Saturday, April 22, 2006

Goodbye Lenin * * * *

Goodbye Lenin is a nostalgic tribute of a son, Alex, to his mother, a mother who was a idealist member of the East German communist party during the 1980s. Least 'member of the communist party' makes you think of grey suits in smokey rooms with severe expessions on their faces, the emphasis here is on idealistic. She worked energetically with the Young Pioneers and with those who were at a disadvantage in society, as a choir director, and worked tirelessly in her community. For me though, this movie wasn't really about East German socialism or the fall of communism. It was about the love of Alex for his mother. The movie is about his nostalgia for his mother, using the comic story of the final 8 months of her life as the vehicle. For him the trappings of life in the socialist East Germany -- the spartan furniture, the blue scarfs of the Young Pioneers, the May Day parades, the cheesy, propaganda laden, East German news reports, all that -- remind him fondly of his mother even if he has no particularly fond feelings for life under communist rule.

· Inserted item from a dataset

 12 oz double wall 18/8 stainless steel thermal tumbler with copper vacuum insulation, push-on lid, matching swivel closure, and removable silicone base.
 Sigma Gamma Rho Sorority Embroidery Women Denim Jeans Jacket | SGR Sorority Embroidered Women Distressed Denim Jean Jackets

Rather than getting caught up into sentamentality, the movie is a comedy of sorts. Or I should say it's comic. It's not really a comedy. I started crying about 5 minutes into the movie. It's not that it's sad exactly; it's that Alex loves his mother so much and really you'd have to be hard-hearted not to tear up in the scenes when he is sitting at her hospital bed. His mother has had a heart-attack and she must be protected from excitement. She happened to lay in a coma during the entire fall of communism in East Germany and the dismantling of the Berlin wall. He decides that she couldn't take knowing that the ideal of socialism, to which she was so devoted, had been defeated by capitalism. So he comes up with a scheme of creating a little East German world (the bedroom in which she is bed-ridden) for her. As you might imagine, this becomes rather difficult and he faces all sorts of comic challenges -- uh oh, how to explain the Coke-a-cola banner that is unfurled on a building visible outside her window!

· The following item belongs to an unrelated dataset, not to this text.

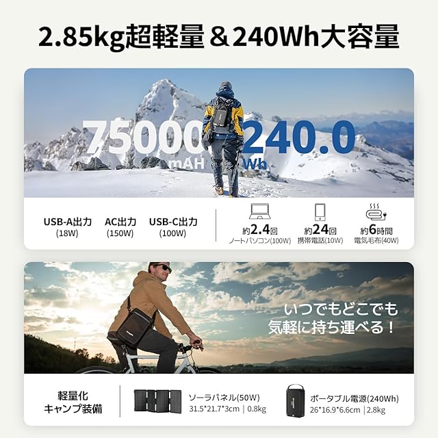 【大容量・高出力】240Whの大容量と150Wの高出力を誇る。一度満充電すれば、パソコンを約6回、スマホを約18回フル充電可能。コンセントがない場所でも、多くの機器や端末に対応し、スマホ、ノートパソコンのほか、ドローン、ポータブル冷蔵庫、ランタン、電動車椅子など、様々な電化製品に給電可能。
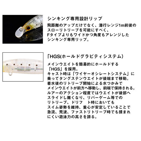 クラス最高レベルの飛距離をたたき出しつつ、潜行レンジ1m前後のスローリトリーブトレースを可能とした。

Like LoveFilm, which I also recently saw, this movie highlights the cruelty of the Iron Curtain and the effect of escape to the West on those left behind. Alex's father escapes to the West when Alex is about 10 years old and his father never returns (obviously he can't). The early scenes of young Alex hugging and crying on the shoulder of his depressed mother had me working the Kleenex box. The real cruelty of what happened doesn't emerge till much later in the film, when Alex's mother finally talks with her kids about the circumstances surrounding their father's emigration.

In summary, this is a wonderful film about love, family, and the fall of communism.